Output is an `Nfa` with:
- `state_count: u32`
- `edges: Vec<NfaEdge>` where `byte: Option<u8>` (None = epsilon)
- `start: NfaStateId`
- `accept: Vec<bool>`
Errors surface as `PatternError::ParseError { offset, message }` with a
`Fix:`-prefixed explanation.
## Stage 2 — `nfa_to_dfa`
Subset construction. Walks epsilon closures, builds deterministic
transition rows keyed by byte, prunes dead states. Returns a `Dfa` with
a dense `transitions: Vec<u32>` laid out row-major at `state * 256 +
byte`. Out-of-table entries are `INVALID_STATE = u32::MAX`.
State-count ceiling is `MAX_DFA_STATES = 65_535`. Explosive closures
surface as `PatternError::StateOverflow`.
## Stage 3 — `dfa_minimize`
Hopcroft's partition refinement. Produces the canonical minimal DFA for
the input's accepted language. The output is idempotent:
`minimize(minimize(d)) == minimize(d)` bytewise after canonical state
renumbering. Conform declares `AlgebraicLaw::Idempotent` on this op.
## Stage 4 — `dfa_pack`
Transition-table compression with two format options.

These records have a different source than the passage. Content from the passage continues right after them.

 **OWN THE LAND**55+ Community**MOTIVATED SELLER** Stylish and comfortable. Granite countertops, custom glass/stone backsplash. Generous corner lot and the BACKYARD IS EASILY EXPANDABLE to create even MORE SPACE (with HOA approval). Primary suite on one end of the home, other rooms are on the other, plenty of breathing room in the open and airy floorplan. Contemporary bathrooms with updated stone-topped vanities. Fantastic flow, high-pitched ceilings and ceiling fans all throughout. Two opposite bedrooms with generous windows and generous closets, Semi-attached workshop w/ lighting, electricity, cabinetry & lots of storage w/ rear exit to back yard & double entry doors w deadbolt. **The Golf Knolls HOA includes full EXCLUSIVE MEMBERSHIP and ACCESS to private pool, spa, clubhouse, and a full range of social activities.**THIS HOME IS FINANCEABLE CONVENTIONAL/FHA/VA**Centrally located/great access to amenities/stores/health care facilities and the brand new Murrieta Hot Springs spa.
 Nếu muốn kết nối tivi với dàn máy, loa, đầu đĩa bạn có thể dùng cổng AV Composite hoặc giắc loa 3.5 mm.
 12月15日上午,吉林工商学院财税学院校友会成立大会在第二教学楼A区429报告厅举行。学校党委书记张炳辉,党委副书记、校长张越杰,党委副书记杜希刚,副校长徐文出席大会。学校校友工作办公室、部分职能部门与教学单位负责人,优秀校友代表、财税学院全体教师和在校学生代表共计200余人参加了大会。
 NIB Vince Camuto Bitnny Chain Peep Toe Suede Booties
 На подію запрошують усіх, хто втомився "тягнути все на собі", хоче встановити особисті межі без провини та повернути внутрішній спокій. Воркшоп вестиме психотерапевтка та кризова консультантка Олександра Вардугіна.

**`DfaPackFormat::Dense`** — row-major `state × 256 × u32`. Fastest
scan, largest memory. Pick this when GPU memory is abundant relative to
state count.
**`DfaPackFormat::EquivClass`** — byte-equivalence classes collapse
redundant columns. Ships a 256-entry class table (padded to 4-byte
alignment) followed by `state × num_classes × u32`. Wins dramatically
when the effective alphabet is narrow (typical for regex patterns over
ASCII subsets).
Both formats round-trip through `dfa_unpack` back to a `Dfa` for
verification.
## Stage 5 — `dfa_assemble`
The composite entry point. Takes `&[Pattern<'_>]` (literal bytes or
regex source), escapes each literal, joins with `|`, runs the full
pipeline, and returns a `PackedDfa`. `AssembleOptions` picks the format
and whether to minimize (default: minimize).
## Layout invariants
- Literal bytes are escaped via a single-byte regex atom so they cannot
accidentally be interpreted as metacharacters.

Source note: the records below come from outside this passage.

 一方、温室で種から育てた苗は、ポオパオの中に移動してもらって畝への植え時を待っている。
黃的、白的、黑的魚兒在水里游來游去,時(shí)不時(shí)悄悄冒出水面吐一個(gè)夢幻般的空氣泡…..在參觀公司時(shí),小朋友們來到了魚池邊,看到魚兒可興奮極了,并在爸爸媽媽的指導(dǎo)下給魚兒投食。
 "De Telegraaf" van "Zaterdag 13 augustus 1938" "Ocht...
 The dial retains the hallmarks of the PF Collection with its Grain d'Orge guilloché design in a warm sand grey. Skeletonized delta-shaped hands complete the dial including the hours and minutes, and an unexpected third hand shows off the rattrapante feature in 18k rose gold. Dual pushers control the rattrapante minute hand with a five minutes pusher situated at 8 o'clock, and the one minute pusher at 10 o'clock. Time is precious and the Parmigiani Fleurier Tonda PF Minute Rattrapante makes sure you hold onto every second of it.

- Non-ASCII literal bytes use a character-class wrapper (`[<byte>]`) so
the Thompson parser treats them as a single-byte atom.
- Empty pattern sets surface `PatternError::EmptyPatternSet`.
- Malformed regex surfaces `PatternError::ParseError` with the exact
byte offset.
## Cache
`pattern::cache` wraps `dfa_assemble` with a content-addressed lookup:
```rust
use vyre_std::pattern::cache::load_or_compute;
let packed = load_or_compute(&patterns, options)?;
```
The key is `FNV-1a(CACHE_VERSION ⊕ options ⊕ patterns)`. Cache files
live under `${XDG_CACHE_HOME:-~/.cache}/vyre/dfa/`. `VYRE_NO_CACHE=1`
disables the cache entirely. `cache::clear()` and `cache::size()`
expose cache management to CLI callers.
## Aho-Corasick build
For pure literal-pattern sets where the user wants the classic
Aho-Corasick trie + failure links + output chain directly (not via
regex construction), `pattern::aho_corasick_build` exposes the CPU
reference and WGSL kernel. The output format is documented in the
module: `[state_count][pattern_count][goto_table][fail_links][out_head]
[out_link][pattern_lengths]`. The GOLDEN and KAT fixture vectors are
byte-diffed against this CPU reference on every test run.
## Consumer examples
- `std/examples/std_pattern_compile.rs` — three patterns → packed DFA →
scan four inputs, runnable via
`cargo run -p vyre-std --example std_pattern_compile`.
- `std/examples/std_arith_overflow.rs` — saturating vs wrapping at
boundary cases.
- `std/benches/dfa_assemble_bench.rs` — measures pipeline throughput
across pattern-set sizes and pack formats.